Another year passes until, in December of 1908, Carus rekindled his plan of publishing the Illustrations: “in thinking over and planning the scope of the work of the Open Court Publishing Company for the coming year, I think again of an old and cherished plan of mine which I had proposed to you some time ago, and which consists in the reproduction of your ‘Illustrations of the Logic of Science.’”42 “If I am not very much mistaken you gave me once the permission,” Carus continued, “but I hesitated to do so because I was afraid of complications. Now there have elapsed thirty years since then and I think there is not the slightest doubt that you can dispose of it freely,” and he repeated, with slight modification, the financial terms that he had given Peirce two years before: “Would you accede to my wish to publish it in book form for a honorarium of $100, and in addition thereto $50 for your trouble in revising these five [sic] essays, altering, adding or changing as you may see fit, and the proofreading.”43 From Carus’s perspective the main reason for having the original articles revised was, as he explained, “to justify our taking out a new copyright.”44
Peirce did not reply immediately. First he wrote his long-term friend and confidant Francis Russell. Francis Calvin Russell (1838–1920), an attorney and counselor at law in Chicago, was also a long-term friend of Paul Carus and was employed by Carus to vet articles, translations, and proposals related to logic for the Open Court Publishing Company. Peirce wrote Russell that Carus had offered him $100 for the copyright and the revision of the Illustrations. Noting that it would require the better part of a year to make the revisions, he called it “less than a starvation prize” and announced that he planned to seek out other publishers. Finally, he added, “anything from you in the way of faultfinding with definite passages of those articles will be valued by me.”45 Six days later, on January 7, 1909, Peirce officially replied to Carus’s letter, asking him to keep the offer on the able for another three months, as he could not presently accept it,46 and he included the following plan for revision:
My plan is to reprint them with alteration except mere clerical ones but, firstly, to delete passages which were due to my trying to mollify Youmans’s wrath at the engagement which old Mr. Wm. Appleton forced upon him. He had not an atom of the scientific spirit. He was devoted to Spencerianism just as he might have been to a scheme to get up a revolution in some country; and the idea of allowing an individual to express views in the Pop. Sci. that at all conflicted with Spencer’s was disgusting to him. That accounts for various features of the articles, and as I was paid $150 an article, I was bound to take great pains with the style and all that. I still think them sound in the main; but I did not then see the whole truth of the matter. Consequently, in revising them, I might enliven them considerably by a little sparring match with my self on special points. Such passages to be in brackets, and perhaps with a different font of type. Besides that, secondly at the end of each, I should add a supplement setting forth what I have learned since then. The first and second of the original articles would make one essay in two parts, the third and fourth would make another. The fifth would be one part of an essay in two or three parts. The sixth would be replaced altogether by an account of the Methodeutic of Scientific Research; and I should add two chapters at least in the way of Illustrations of Science, setting forth, for example, the nature of the actual reasoning in detail for today’s views on the chemical constitution of compounds. This would follow a method essentially different from Mach’s treatment of dynamics;47 for in chemistry there have been too many refutations of theories that always had been bad, i.e. unwarranted, from the very start. I shall insert also my classification of the sciences (perhaps the entire scheme, which has never been printed yet)48 my criticism of Pearson in the Pop. Sci. for Jan. 1901,49 and my Evening Post article on The Great Men of Science of the XIXth century.50 The book will be much stronger and a good deal more popular (if I can succeed in making it so, with handwork,) than the original articles.51
The first two Illustrations articles taken together were to be called “A Plea for Pragmatism,” and it seems that Peirce began his revision of the Illustrations almost immediately (RS 77).

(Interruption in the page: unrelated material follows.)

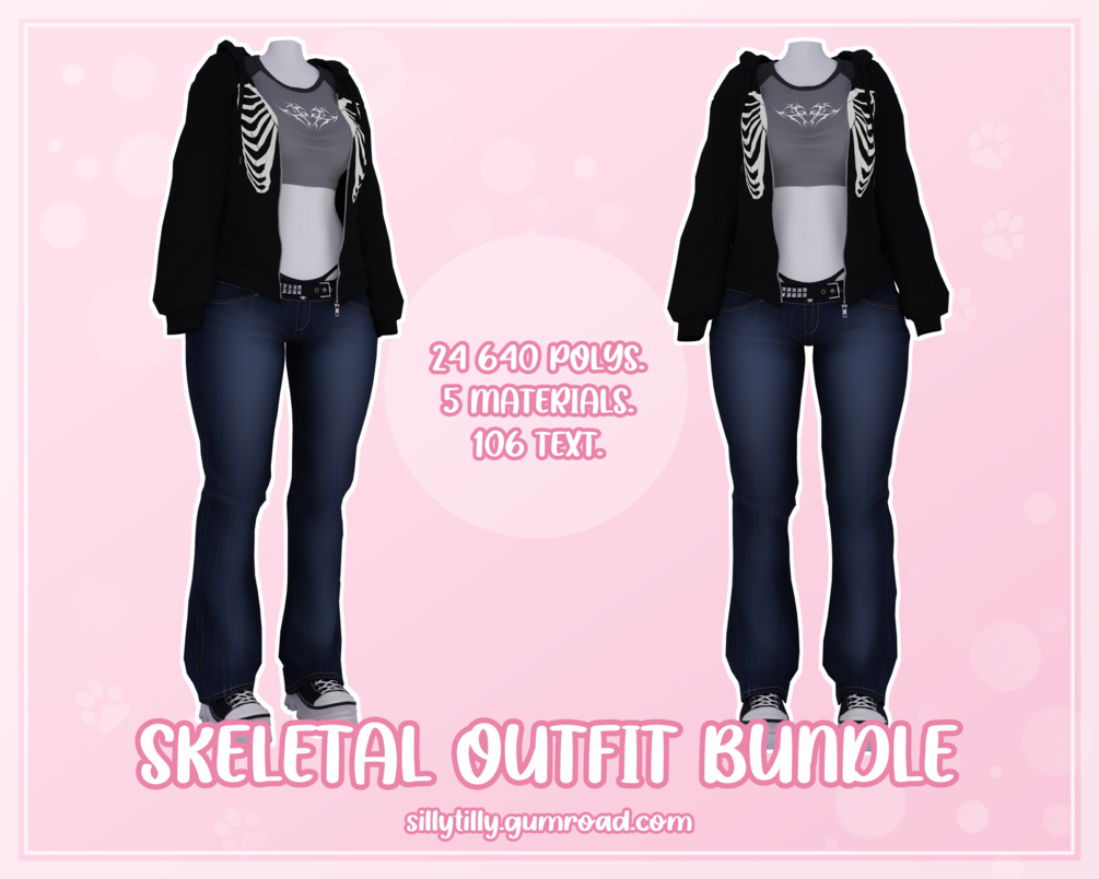 Skeletal Full Outfit Bundle - Jacket, Crop Top, Flared Jeans & Bottoms

Carus’s response to Peirce’s letter is supportive, but also cautious:
Your letter just comes to hand and I will say in reply as follows: I give you all the time you want to revise it but I did not expect you would have to rewrite so much but of course if you have had to adapt yourself to Mr. Youmans I can only wish myself that you would make such changes as you deem necessary, but please do not tamper too much with your own thought of former years. I remember of Goethe that he treated the writings of his younger years with great respect and did not change unnecessarily. Of Cantor I can only say that he changed his article on Pythagoras in the later edition and took out the best, most ingenious and most interesting part of his thought, so I hope you will not touch your own old thoughts but limit your revision to what is foreign to yourself in the articles. I had offered the pecuniary amount of revision on purpose of $50 because I did not want you to make supererogatory changes. However, as you state the case it is different.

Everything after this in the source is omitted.